Curling AI Simulation with MCTS and Bayesian Regression

This project implements a Monte Carlo Tree Search (MCTS) agent guided by a Bayesian regression model to simulate and evaluate curling games. It includes training a Bayesian model, testing its predictive accuracy, and running simulations to determine optimal strategic decisions such as Power Play timing.

Installation

Requirements

Python 3.13+
pip

Create a Virtual Environment (Required)

From the project root directory:

python3 -m venv venv

Activate the Virtual Environment

macOS / Linux

source venv/bin/activate

Windows (PowerShell)

venv\Scripts\Activate.ps1

Install Dependencies

With the virtual environment activated:

pip install --upgrade pip
pip install -r requirements.txt

Required packages include:

torch – Bayesian regression model
pyro-ppl – probabilistic inference (NUTS)
pandas – data processing
matplotlib – visualization
scikit-learn – evaluation metrics

Deactivate When Finished

deactivate

Note: The virtual environment folder (venv/) should not be committed to version control.
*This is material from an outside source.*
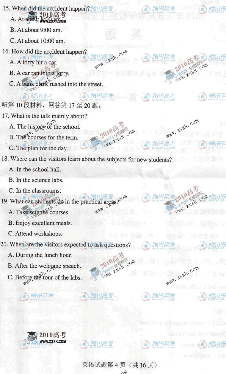 2010年河北 河南 山西 广西高考考试英语(全国1卷)

Add it to .gitignore.

Project Overview

The project consists of three main components:

1. Bayesian Regression Model

Predicts expected end score (EV) from game features:

Hammer possession
Power Play usage
End number
Previous score difference

Provides both expected value and uncertainty.

2. EV Evaluation Function

Computes expected value for a given game state using posterior samples.

3. Monte Carlo Tree Search (MCTS)

Uses Bayesian EV predictions to guide tree search
Simulates stochastic scoring outcomes using empirical score tables
Learns optimal Power Play timing policies

Folder Structure

curling/
├── code
│   ├── bayesian_ev.py
│   ├── gamestate.py
│   ├── mcts.py
│   ├── prob_table.py
│   ├── run_mcts.py
│   ├── test.py
│   └── train_bayesian_model.py
│
├── data_processing
│   ├── data_analysis.ipynb
│   ├── data_processing.ipynb
│   ├── model_results
│   │   └── Model_Results_Continuous.csv
│   ├── processed_data
│   │   ├── bayesian_training.csv
│   │   ├── ends_processed.csv
│   │   ├── ends_with_counterfactual.csv
│   │   ├── games_processed.csv
│   │   └── stones_processed.csv
│   ├── train_test_data
│   │   ├── test_df.csv
│   │   └── train_df.csv
│   └── train_test_split.ipynb
│
├── figures
│   ├── analysis
│   │   ├── data_analysis
│   │   │   ├── hammer_response.csv
│   │   │   ├── opening_shot.csv
│   │   │   ├── powerplay_end_summary.csv
│   │   │   └── powerplay_entry_margin_stats_6_8.csv
│   │   ├── end_frequency_combined
│   │   │   ├── end_1_frequency_combined.png
│   │   │   ├── end_2_frequency_combined.png
│   │   │   ├── end_3_frequency_combined.png
│   │   │   ├── end_4_frequency_combined.png
│   │   │   ├── end_5_frequency_combined.png
│   │   │   ├── end_6_frequency_combined.png
│   │   │   ├── end_7_frequency_combined.png
│   │   │   └── end_8_frequency_combined.png
│   │   └── simulation_statistics
│   │       ├── analysis_100000_both.csv
│   │       └── analysis_margin100000_both.csv
│   ├── analysis.py
│   ├── exploratory_graphs.py
│   ├── graphs
│   │   ├── distribution_pp_tail.png
│   │   ├── frequency_end_100000.png
│   │   ├── pp_effectiveness.png
│   │   ├── win_after_5_100000.png
│   │   ├── win_after_6_100000.png
│   │   ├── win_after_7_100000.png
│   │   └── win_draw_100000.png
│   ├── graphs.py
│   ├── shot_effect.py
│   └── simulations
│       └── frequency_dict_100000.json
│
├── requirements.txt
└── weights
    ├── testing_weights
    │   └── unitddpm_BaysianRegression_20260111_193054_82cf67d5_weights.pt
    └── unitddpm_BaysianRegression_20260111_193019_830f987c_weights.pt

Code Reference: File-by-File Overview

This section describes the purpose and functionality of each core Python file in the project.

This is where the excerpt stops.